Bu duruma karşı ne yapacağız? sorusuna yanıt veren Doğangün, “Yerine öbür bir şey koyacağız. Unsur bağımlılığında biz bu türlü yaparız. O hususun yerine benzeri fonksiyonu olan öteki bir şey koyacağız. Ben ekransız periyodu kesinlikle öneriyorum. Beyin ekran karşısında çok uyarılıyor. Ağır bir yüksek tansiyon çizgisinin altında piknik yapmak üzere. Orada elektrik çarpmıyor sizi lakin birkaç saat sonra önemli baş ağrısı olabiliyor. Mümkünse ailenin ortak bir ekransız saatini oluşturmak gerek.

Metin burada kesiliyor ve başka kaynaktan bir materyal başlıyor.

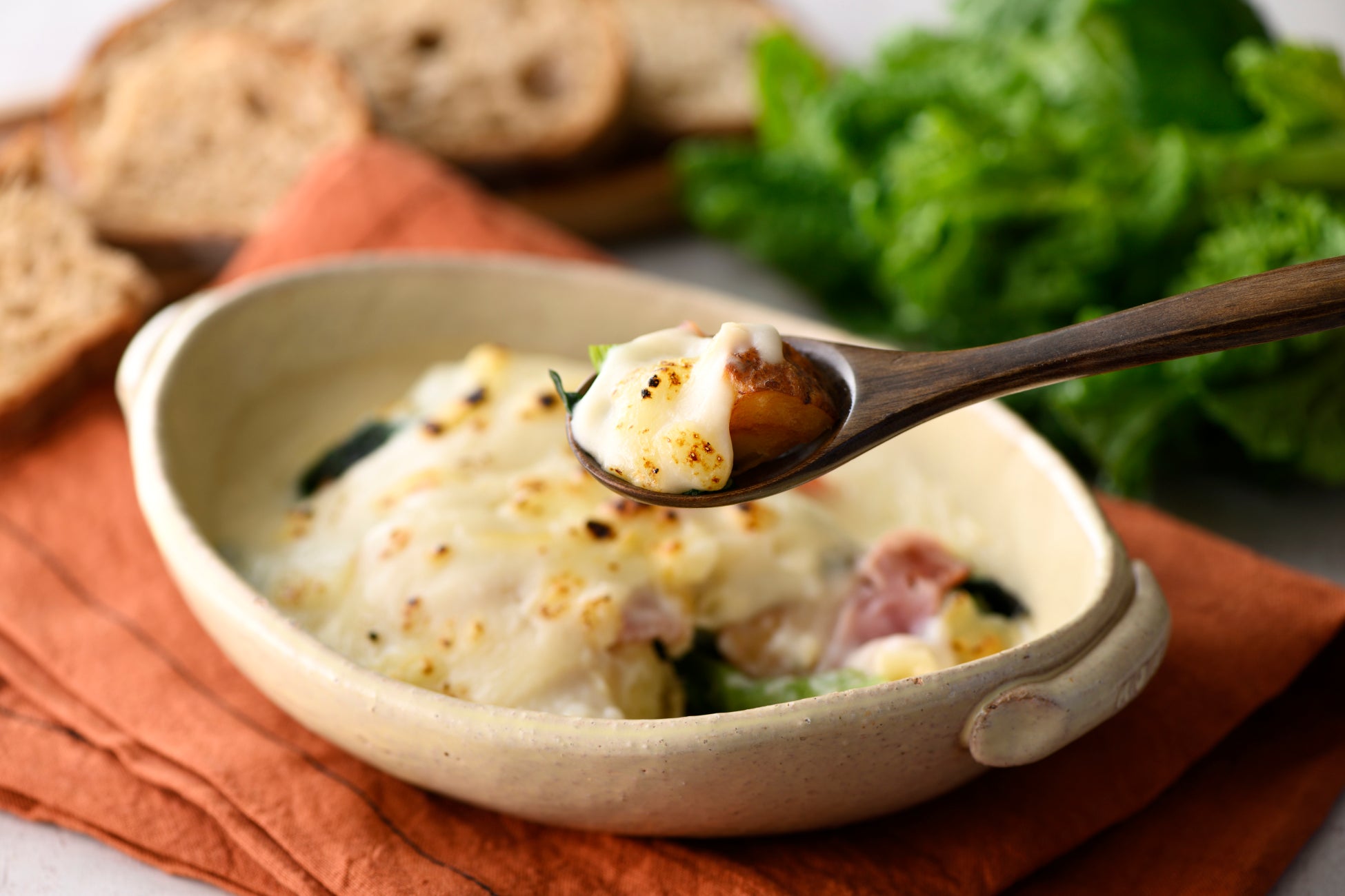 菜の花のほろ苦さとベーコンの旨み、ホクホクのポテトを濃厚なソースで包み込んだグラタン。春らしい味わいと香ばしい焼き上がりが食欲をそそります。
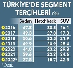 Otomotiv pazarının son beş yılına SUV modeller damga vurdu. 2016'da yüzde 16.1 olan SUV araçların pazar payı beş yılda 26.2 puan artışla yüzde 42.3'e yükseldi. Bu dönemde sedan otomobillerin pazar payı ise yüzde 47.8'den yüzde 37.8'e indi. Sedanların kaybı 10 puan oldu.
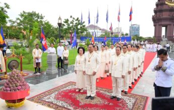 លោកអ្នកឧកញ៉ា លី យ៉ុងផាត់ ដឹកនាំគណៈប្រតិភូសមាគមឧកញ៉ាកម្ពុជា អញ្ជើញដាក់ក្រពុំបិណ្ឌផ្កាឈូកគោរពរដ្ឋធម្មនុញ្ញ ក្នុងឱកាសខួបលើកទី៣២ ទិវាប្រកាសរដ្ឋធម្មនុញ្ញ
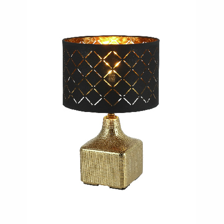 Stolová lampa keramika - zlatá, textil - čierno - zlatá, kábel 1,5m, vypínač, D: 250, H: 380, bez 1xE27 60W 230V

O saatte ne yapıldığı da çok değerli değil. Babanın, annenin hayat öyküsünü anlatması, o çocuğun yaşadığı bir şeyi anlatması üzere aktiviteler yapılabilir. Çok fazla dışarı çıkamadığımız için konutta bedensel aktiviteler yapmalıyız. Bunlar çok kolay üzere görünse de bedende endorfini arttırdığı için memnunluk, keyif verici aktiviteler.”